The long story of The Book of Never has an uncanny epitaph. I began writing this music on December 24, 2017 during a particularly snowy and silent day in Chicago. That same day, halfway around the world in Ukraine, Andrei Zaliznyak died before he could complete his work transcribing the Novgorod Codex. It was a haunting synchronicity, one that I would only learn of two years later. I had hoped to contact Zaliznyak. To commune with him on the codex’s origin, it’s text, and its historical revelations. But maybe it’s best I didn’t. Best that I never fully knew what meaning I’d unearthed. That some secrets remain buried in the mud. To be discovered again. One thousand years from now.

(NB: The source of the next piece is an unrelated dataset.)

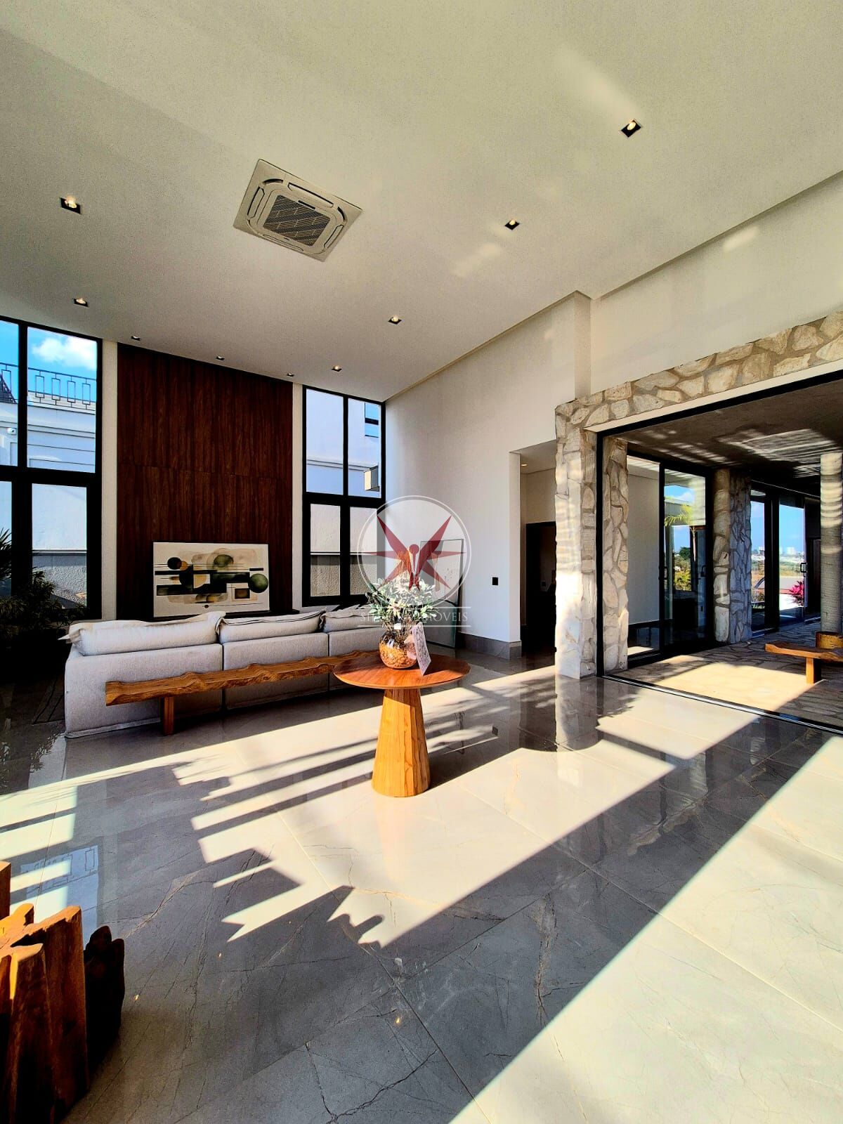 - Salão de festas equipado com mesas, cadeiras, ar condicionado, churrasqueira, forno de pizza e fogão a lenha.

O oh, I wait… oh… oh, will I wait? oh, why?

O Lord

…all hours …all my people all now all I want…

How I long… on my own now all now all now …on my own now… …and will to go now

oh, I’ll break now oh, why alone? oh, I’ll wait now. …oh on my own…

O Lord

…all… all gone… I will go my own… …on my own…

I will to go now

Go you know… I’m another… my people you go

I’ll go

…other people …another other people now… go on…

And I’ll pain to go my blood know my blood… …know my pain… …I’m not in pain now

O Lord, I want to say my silence

I’ll clean my hand …my fair flesh …and my eye my flesh is clean

O Lord

Remember?

I remember now… I know now… I know you… I’ll go now

I’ve no sympathy …all my suffering… …all my pain …my pleasure

All alone, I will go we suffer still …I feel still I sit still we can be greater still

And I know all my life… oh, I’m lost oh, I am gone all through my years…

I know

…all my hidden life… I’m lost in me I will need… …my love…

I know that I’m lost

…I wept I will not break …all my sorrow now …you will stay

I know I am gone I will go I’ll stay I’ll remain

know

I know now

I cry out from nowhere but I’m still here I’m not here I’ll be here I’m here

I cry out for days and years of forever…

…for those of whom we only know nothing…

…for those whose pain pours out of the skies…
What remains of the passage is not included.